Transwestern is a privately held real estate firm providing Agency Leasing, Tenant Advisory, Capital Markets, Asset Services and Research to owners of commercial real estate.

History

In 1978, the company was founded as a real estate development company by Robert Duncan.

During the recession of the late 1980s and early 1990s, the company converted into a services business.

Beginning in 1994, the company expanded into the West, Southwest and Midwest regions of the United States.

In 1995, the company acquired Delta Associates, a provider of market research.

In 1998, the company acquired Carey Winston, the largest commercial real estate broker in the Washington, D.C. metropolitan area.
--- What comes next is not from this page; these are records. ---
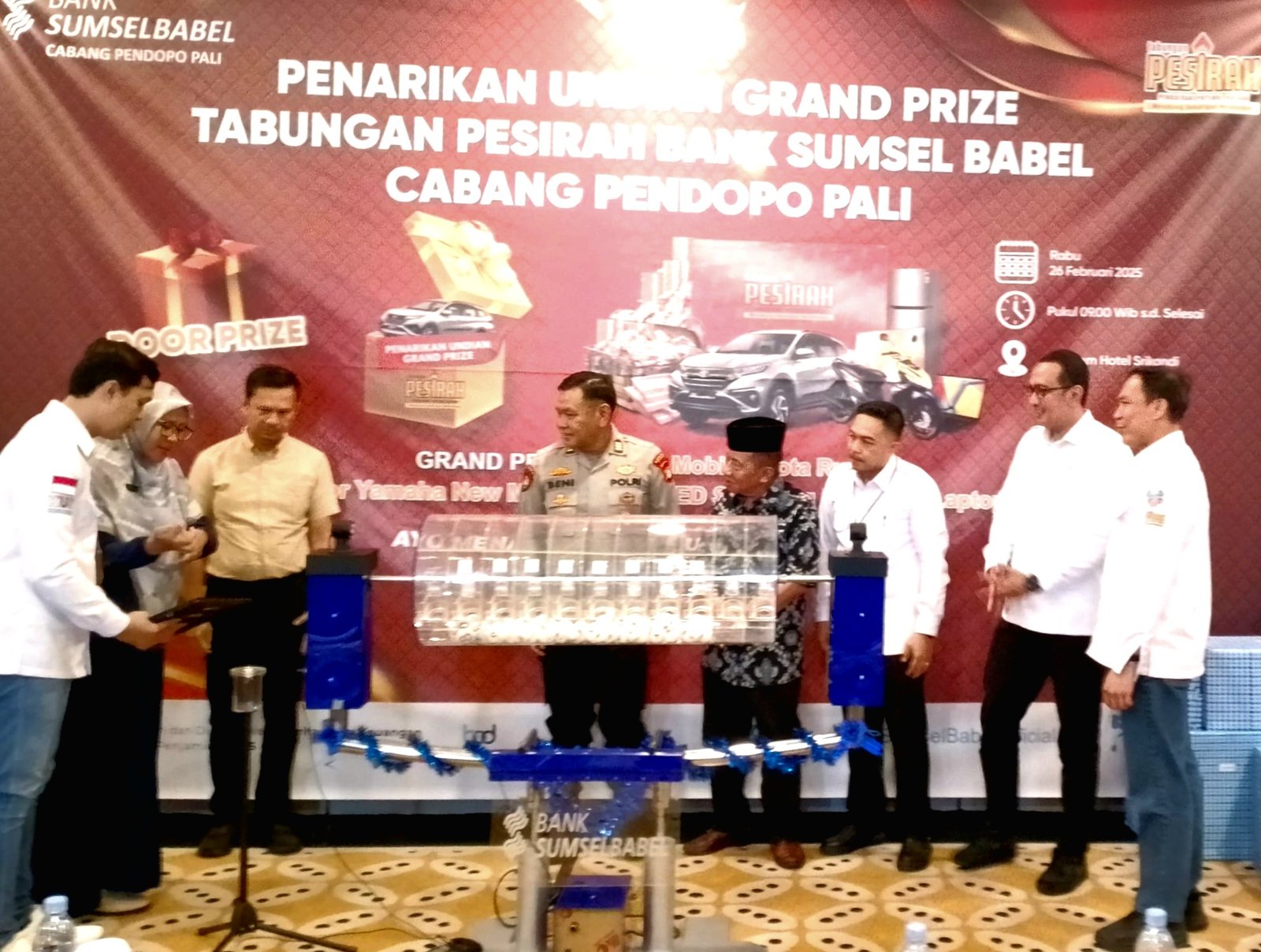 Sebagai bentuk apresiasi kepada nasabah setia, Bank Sumselbabel Cabang Pendopo menghadirkan beragam hadiah menarik dalam undian tahun ini. Hadiah utama berupa super grand prize senilai jutaan rupiah sukses menjadi daya tarik utama bagi para peserta. Selain itu, berbagai hadiah bergengsi lainnya juga dibagikan, di antaranya, 1 unit mobil Toyota Rush, 2 unit sepeda motor Yamaha Mio, 1 unit televisi Samsung, 1 unit kompor gas, Beberapa unit kipas angin, Serta berbagai hadiah menarik lainnya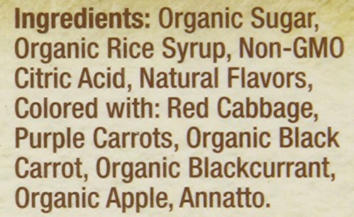 Ingredients: organic sugar, organic rice syrup, non-go citric acid, natural flavors, colored with red cabbage, purple carrots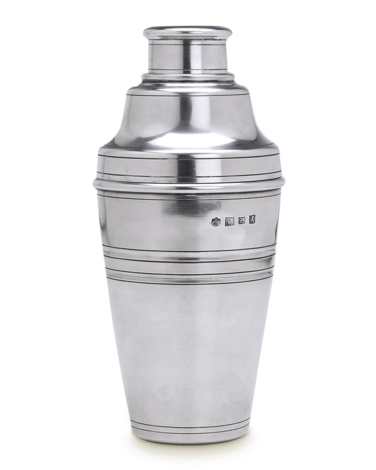 Cocktail shaker made of pewter. Pewter is handmade by artisans in Northern Italy. Leadfree and safe for everyday use. 4"Dia. x 8.3"T. Holds up to 20 oz. Hand wash. Made in Italy.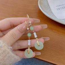 Nuevos pendientes de borla de calcedonia de imitación retro chinos, temperamento femenino, versátiles, largos, con gancho para la oreja, pendientes de red con personalidad de celebridad.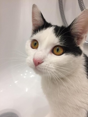 10-mies?ęczna kotka o biało-czarnym umaszczeniu

That year, Transwestern Commercial co-founder and chairman Randall K. Rowe was elected chairman of the National Realty Committee. 

In January 2001, the company brokered a $113 million, 15-year lease for Oblon in Arlington, Virginia.

In January 2011, Transwestern acquired Fort Worth-based NAI Huff Partners.

In September 2013, Transwestern acquired the Boston firm of Richards Barry Joyce & Partners LLC.

In January 2014, the company acquired Epic Realty Partners LLC, based in Chicago, Illinois, to grow its industrial business.

In March 2014, the company formed a joint venture with the principals of Chicago-based Ridge Property Trust called Ridge Development to expand its industrial development platform.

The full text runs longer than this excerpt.